▶ **Assignment**
The entries below contain pictures, which are to be left out; write out exactly, and only, the lines from the line with "ERGOBABY pet electric" up to and including the line with "25 февраля 1918".

▶ **Material shown**
------------------------------------------------------------

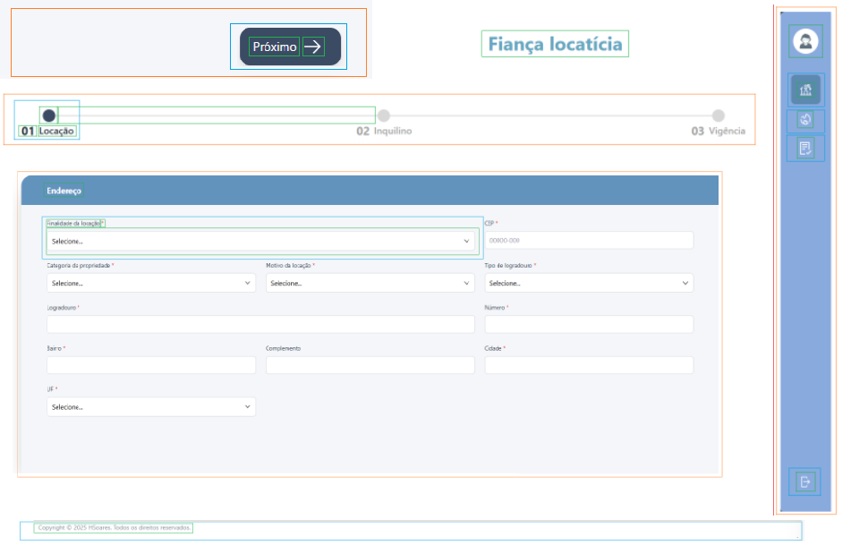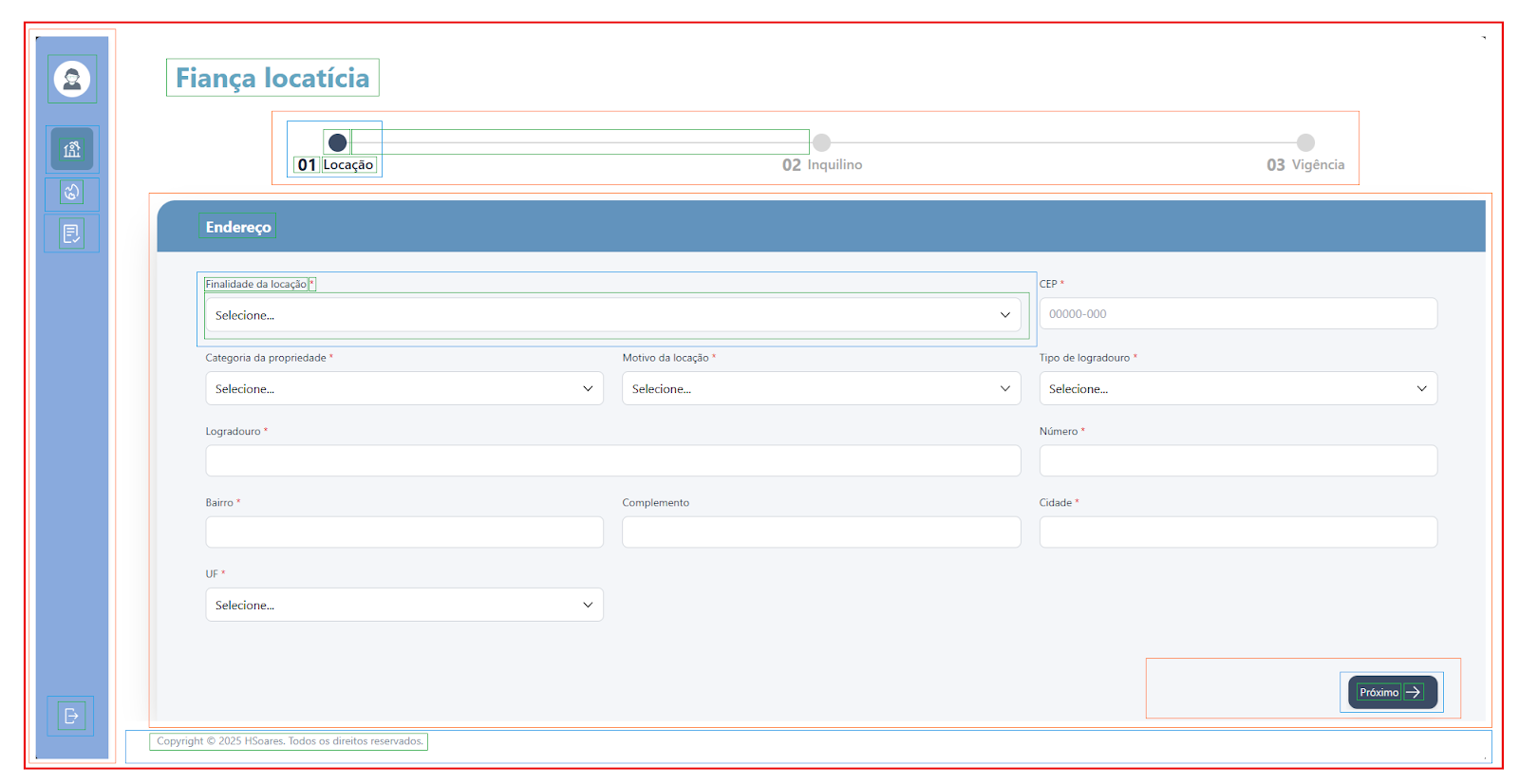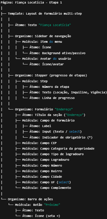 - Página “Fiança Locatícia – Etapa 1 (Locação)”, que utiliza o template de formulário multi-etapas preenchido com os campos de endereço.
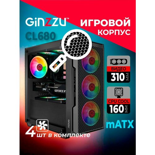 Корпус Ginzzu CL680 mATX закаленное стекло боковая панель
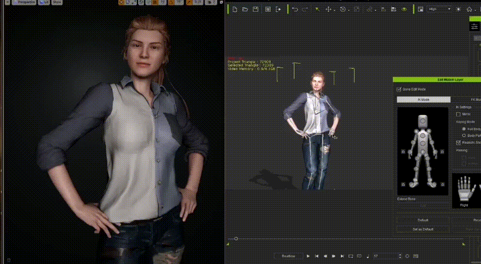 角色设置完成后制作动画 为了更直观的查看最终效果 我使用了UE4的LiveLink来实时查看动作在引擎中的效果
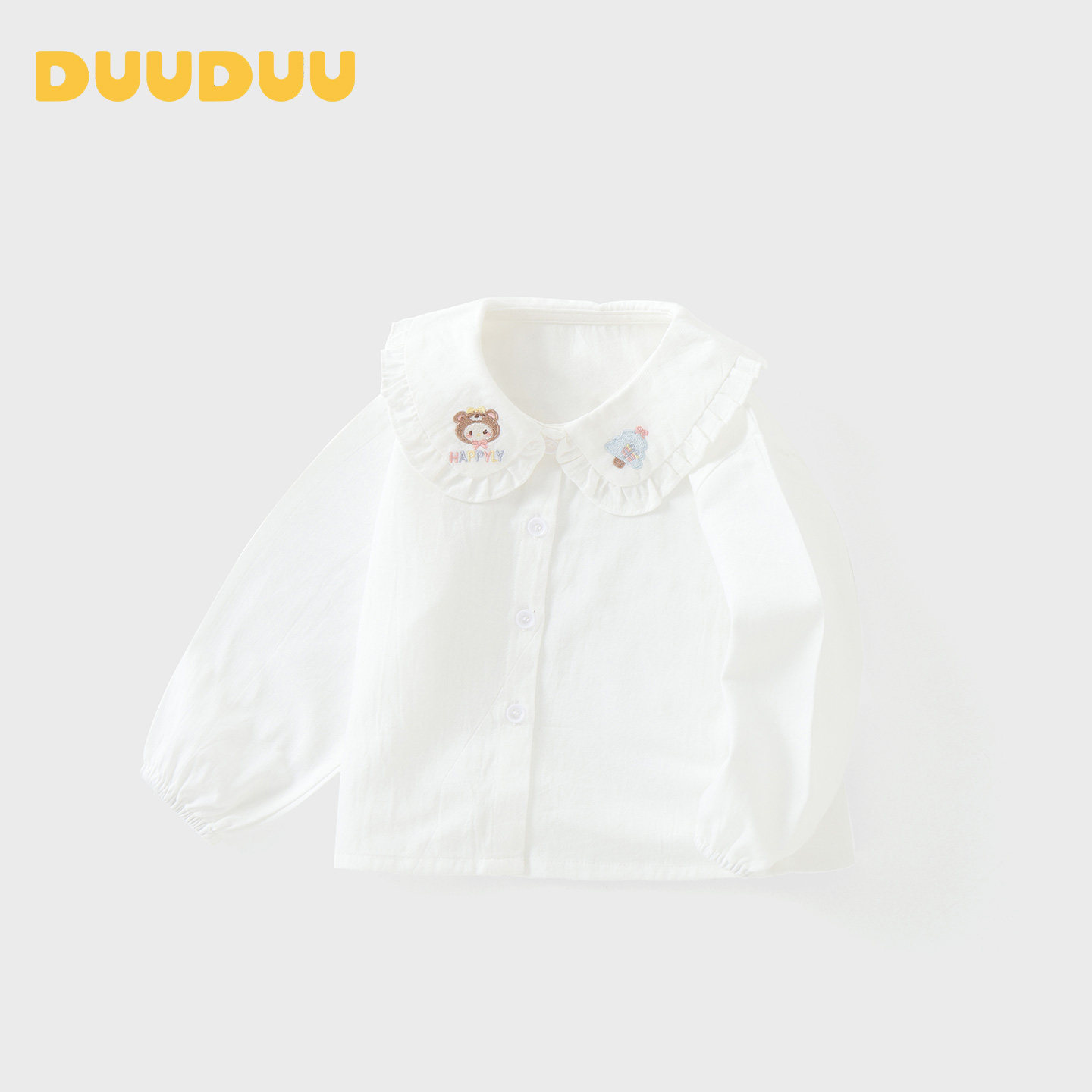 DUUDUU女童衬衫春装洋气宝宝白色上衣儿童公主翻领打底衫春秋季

------------------------------------------------------------

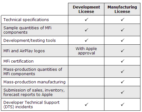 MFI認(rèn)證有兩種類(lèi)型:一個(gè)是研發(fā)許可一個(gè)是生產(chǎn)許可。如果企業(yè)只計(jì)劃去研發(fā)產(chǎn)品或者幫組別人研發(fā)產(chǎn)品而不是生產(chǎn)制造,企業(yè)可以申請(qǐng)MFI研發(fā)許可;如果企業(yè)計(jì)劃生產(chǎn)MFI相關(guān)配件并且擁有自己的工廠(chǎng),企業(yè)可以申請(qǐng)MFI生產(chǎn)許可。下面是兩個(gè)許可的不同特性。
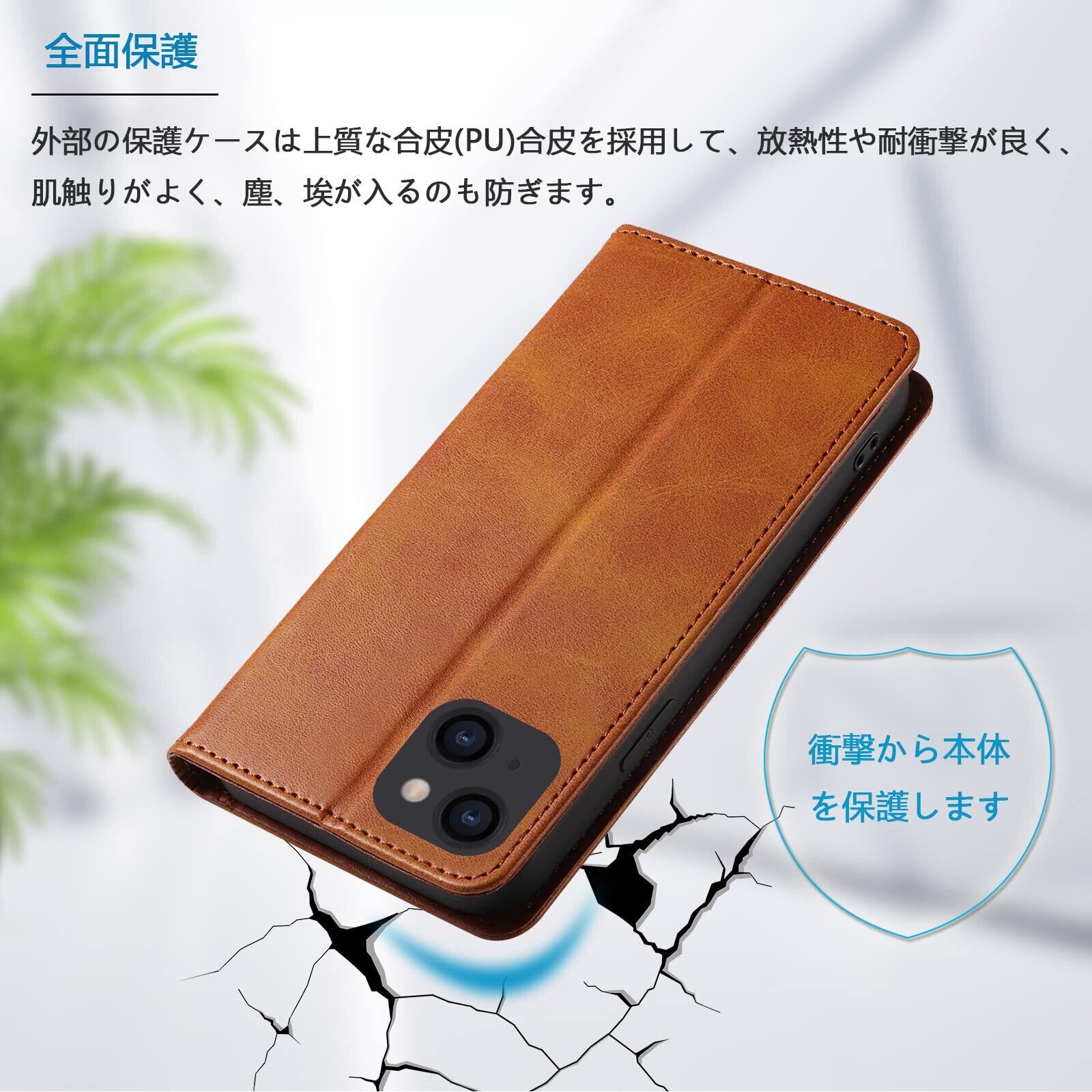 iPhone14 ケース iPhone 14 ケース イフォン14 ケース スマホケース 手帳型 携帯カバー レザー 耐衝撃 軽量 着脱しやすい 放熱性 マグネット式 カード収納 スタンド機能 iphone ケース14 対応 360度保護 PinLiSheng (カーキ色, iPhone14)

------------------------------------------------------------

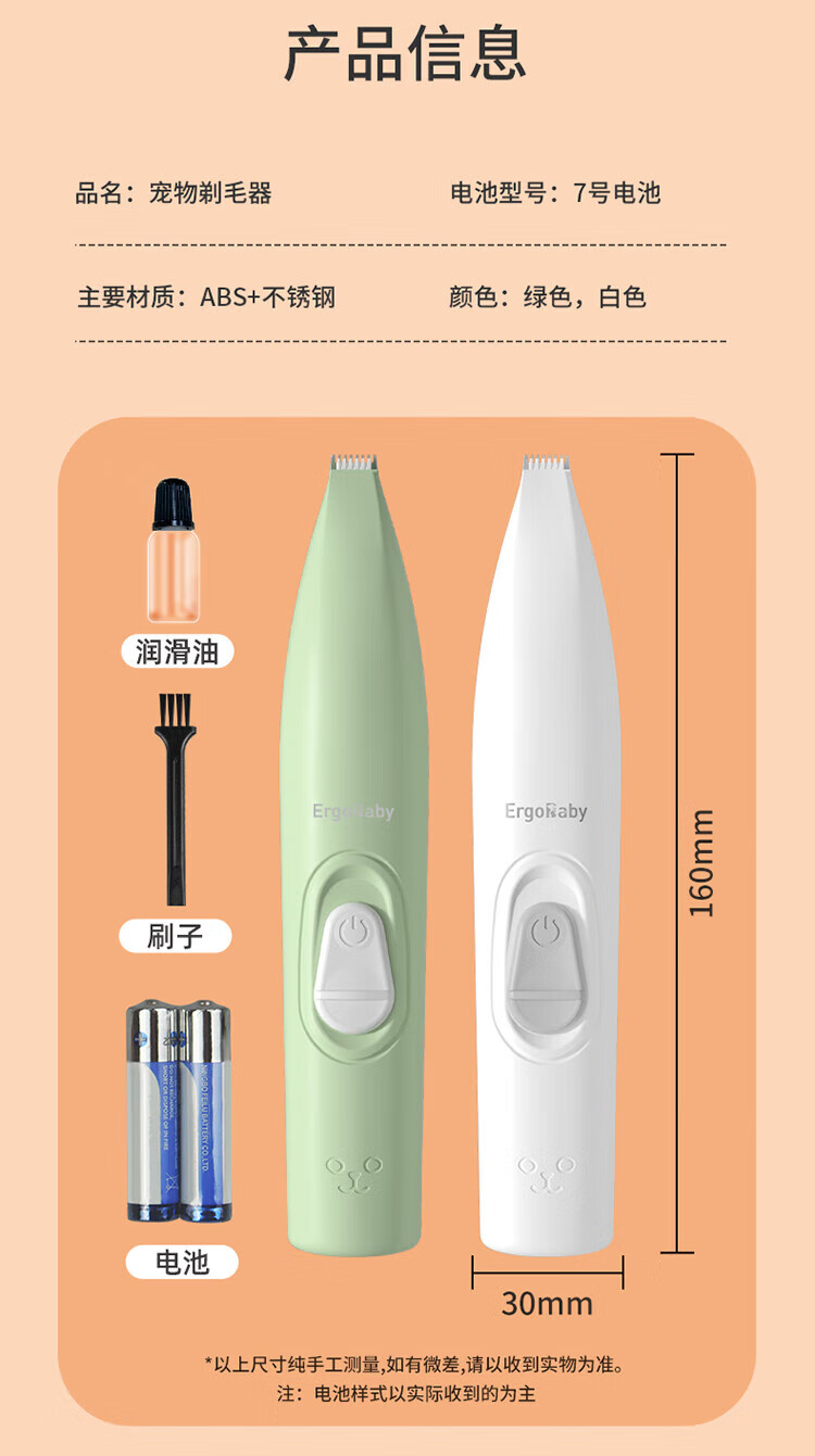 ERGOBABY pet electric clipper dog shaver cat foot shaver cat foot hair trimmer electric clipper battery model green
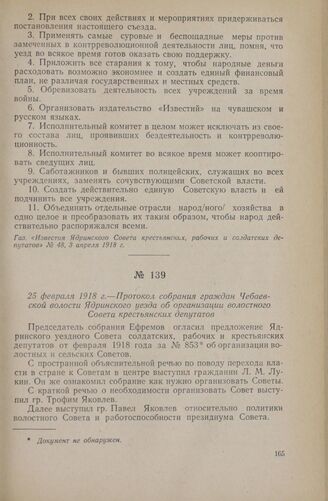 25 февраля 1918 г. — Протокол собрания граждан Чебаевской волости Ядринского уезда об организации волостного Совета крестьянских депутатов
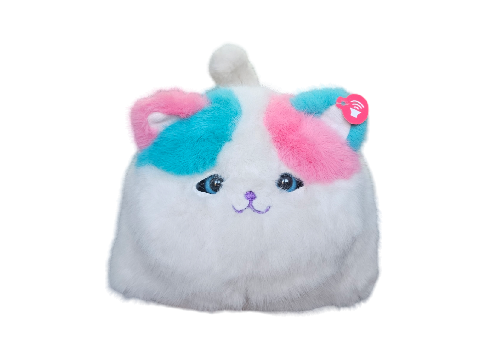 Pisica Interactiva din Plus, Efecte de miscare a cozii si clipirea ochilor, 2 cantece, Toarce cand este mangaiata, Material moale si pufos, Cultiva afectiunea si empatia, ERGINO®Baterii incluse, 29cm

------------------------------------------------------------

▶ **Response area**
 ERGOBABY pet electric clipper dog shaver cat foot shaver cat foot hair trimmer electric clipper battery model green
 25 февраля 1918 г. — Протокол собрания граждан Чебаевской волости Ядринского уезда об организации волостного Совета крестьянских депутатов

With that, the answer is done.